Gender Fuckery Can we talk about this? When gender fuckery gets assumed by gender fucking binaries in kink scenes and in negotiations in making mistakes and learning to be better
Can we talk about this? When you think that you are negotiating something Only to realise that the person you were negotiating with still do not get your gender non-binariness but wants to play with you anyways and then proceeds to treat you as a MAN or WOMAN because they know not enough how to play with a non-binary person
Can we talk about this? The hetero-normative responses and attitudes The assumptions projected through patriarchy, misogyny to the curious to the new to the never-seen-before to the never-touched-before to the person wearing a beard and spotting a pink tutu to the one that "looks" one way or another because of a bulge, a cup, a moustache, Adam's fucking apple (not mine)

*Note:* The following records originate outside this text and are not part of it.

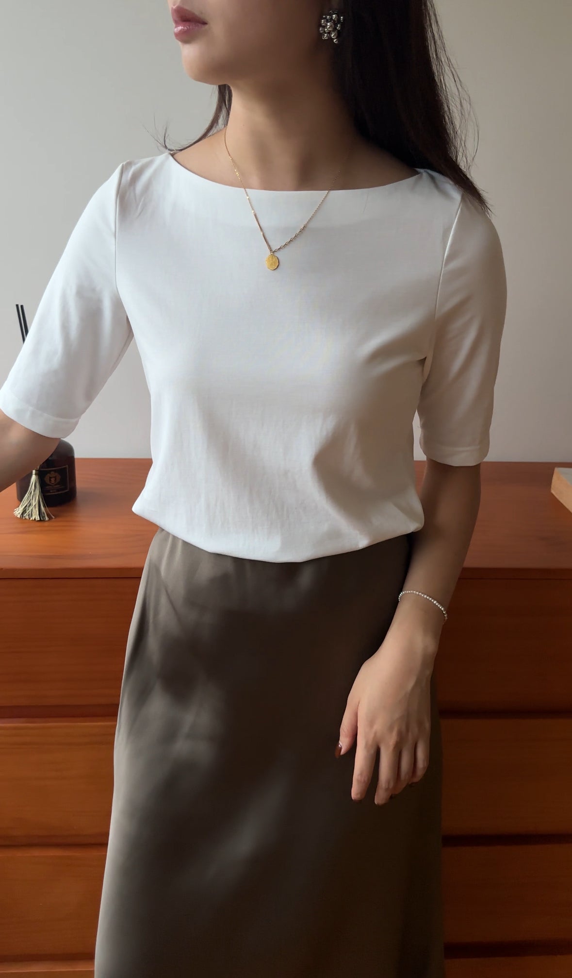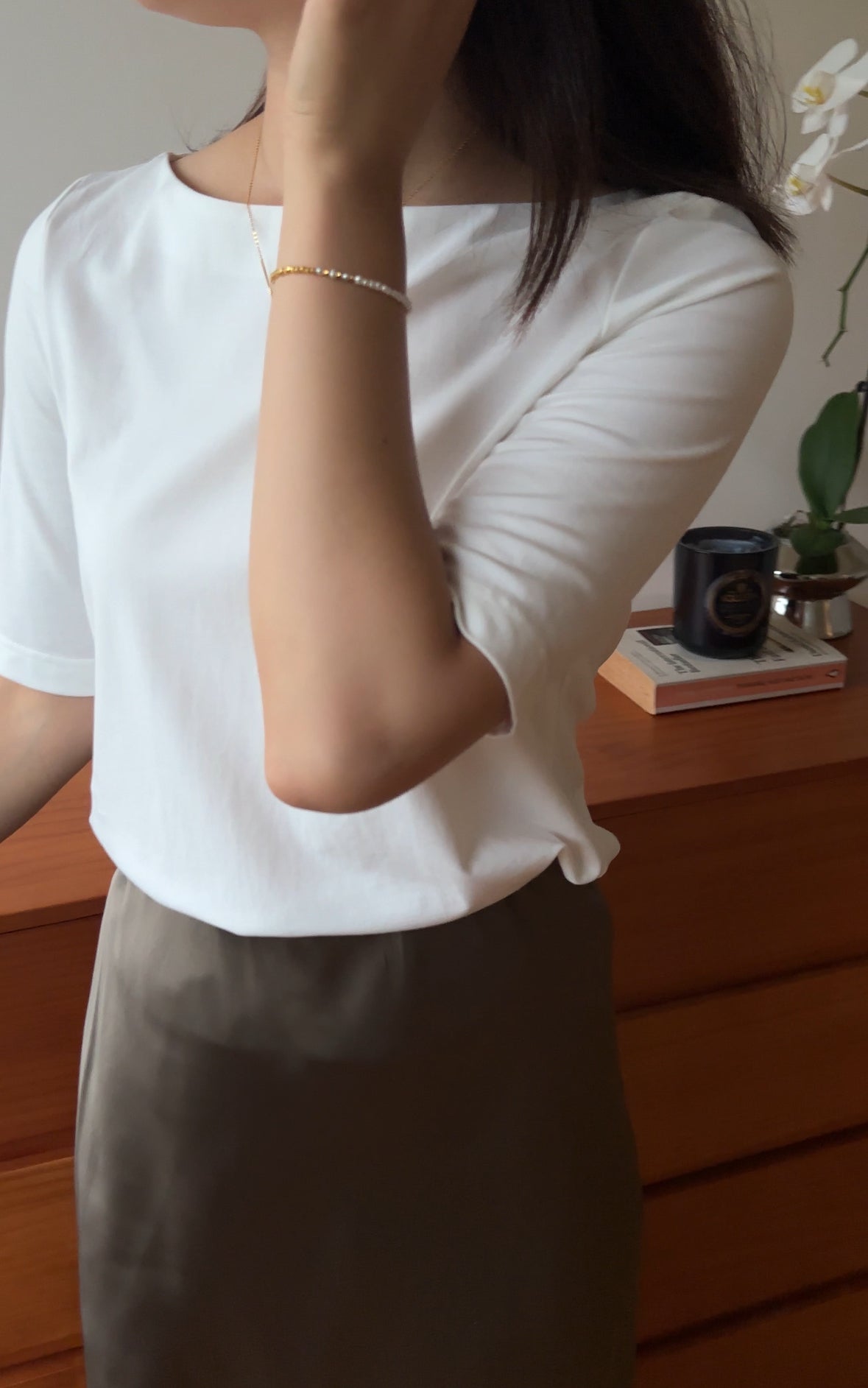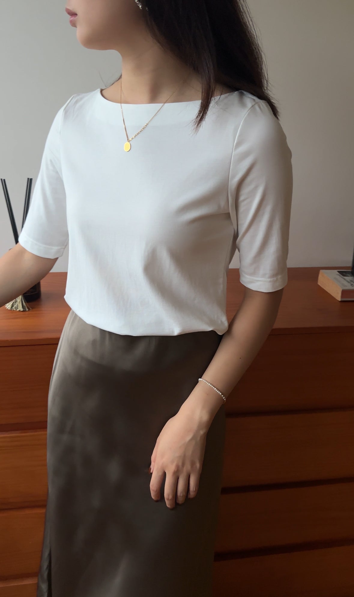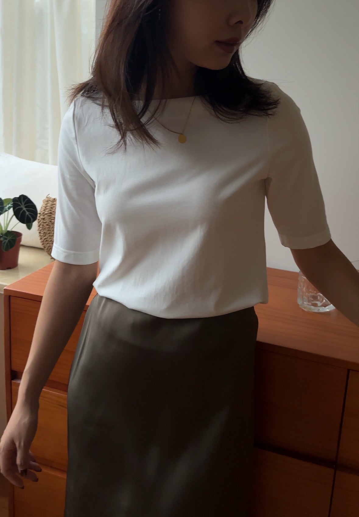 FC09302 Premium Roma Cotton Boat Neck Midi-Sleeve Basic T-shirt White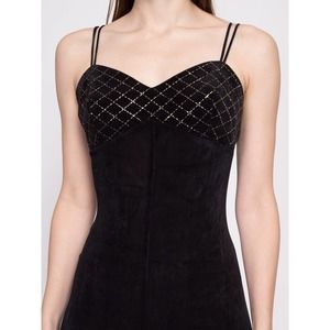 Vintage 90s slinky black formal maxi dress, with metallic trim on the bust, a strappy back, and a front slit. Shown clipped at the back of the bodice on the model until the last two photos.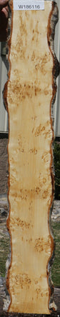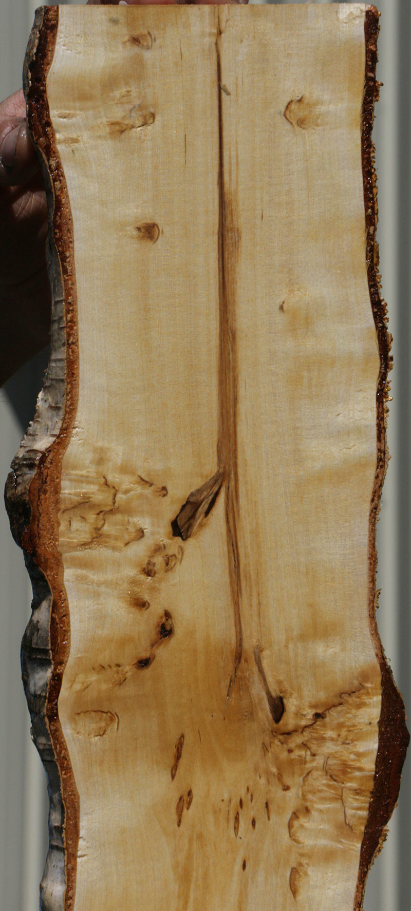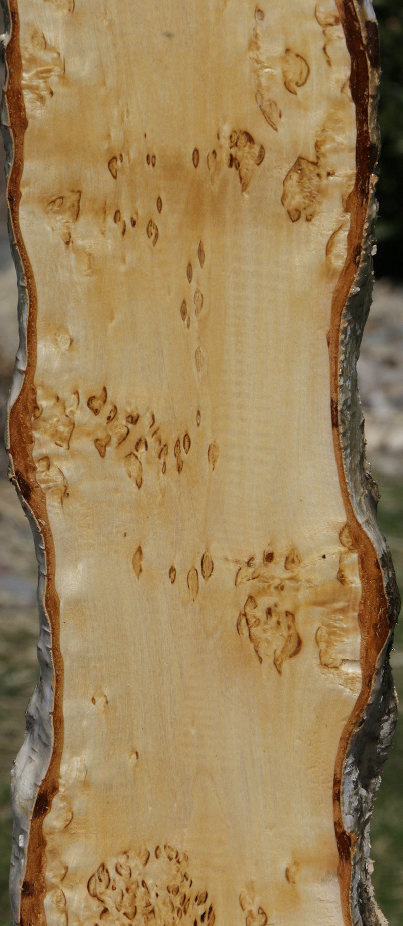Masur Birch is an excellent choice for many different projects! Most of the wood has nice figuring that is very similar to burl or birdseye Maple though of a different origin. The creamy, golden color with dark brown streaking yields stunning contrast for specialty and decorative items. Pieces with wild figure may have some bark incursions. A minor check or pin knot may be present. Workability of this very rare wood is excellent. Our material is kiln dried and ready to use. Live bark edges are present on some pieces.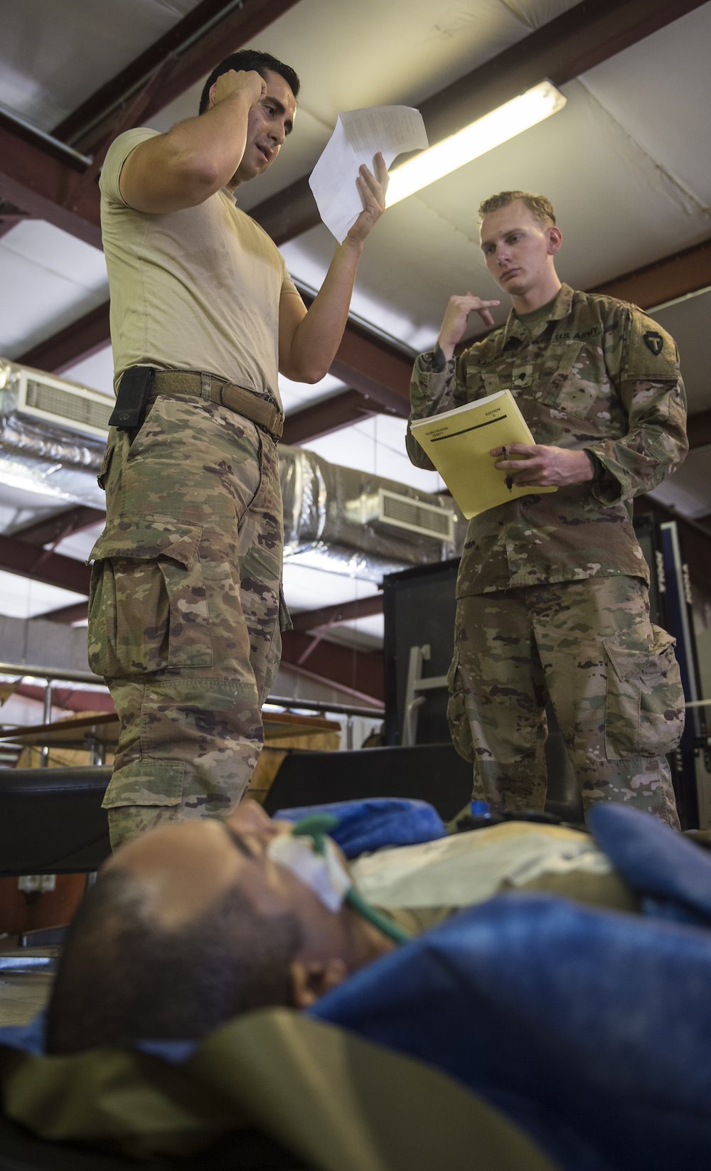 U.S. Air Force Staff Sgt. Julio Rojas (left), assigned to the 870th Aeromedical Evacuation Squadron, simulates calling for a medical evacuation as U.S. Army Spc. Alexander Kahanek, an instructor assigned to the 3rd Battalion, 144th Infantry Regiment Task Force Bayonet, attached to the Combined Joint Task Force – Horn of Africa, observes the final assessment of a U.S. Army Combat Lifesaver Course held at Camp Lemonnier, Djibouti, Dec. 1, 2017. The five-day course focused on teaching students how to administer lifesaving tactical medical care to wounded service members on the battlefield. (U.S. Air Force photo by Staff Sgt. Timothy Moore)

Can we talk about this? The fuckery involved in folks wanting to play with non-binary folks but refuses to do the work to understand or ask and make mistakes and learn with each other about gender identities body experiences dysphoria
Can we talk about this? The lack of ownership over one self's responses and reflection when wanting to play with someone who shared that they have trauma Non-binary folks are traumatised daily from misgenderings and swallowing the insensitivity down to the gut Heartless comments fermenting and rotting Spreading over sensory neurons and nervous system protections Simply because someone is willing to play with a non-binary person only to be let go afterwards because destructive behaviours assumes power to exert exclusion
Can we talk about this? In a non-binary way? In a non-traumatising way? In a way that builds safety? In a way that builds community? In a way that encourages non-binary folks to access kinky play with trust? In a way that fucks our gender expression in the way we want? In a way that involves curiousity rather than non-consensuality of identity labels put onto people? In a way that makes boundaries fun and not jarring? In a way that makes for conversations that are reciprocal and meaningful rather than deceitful?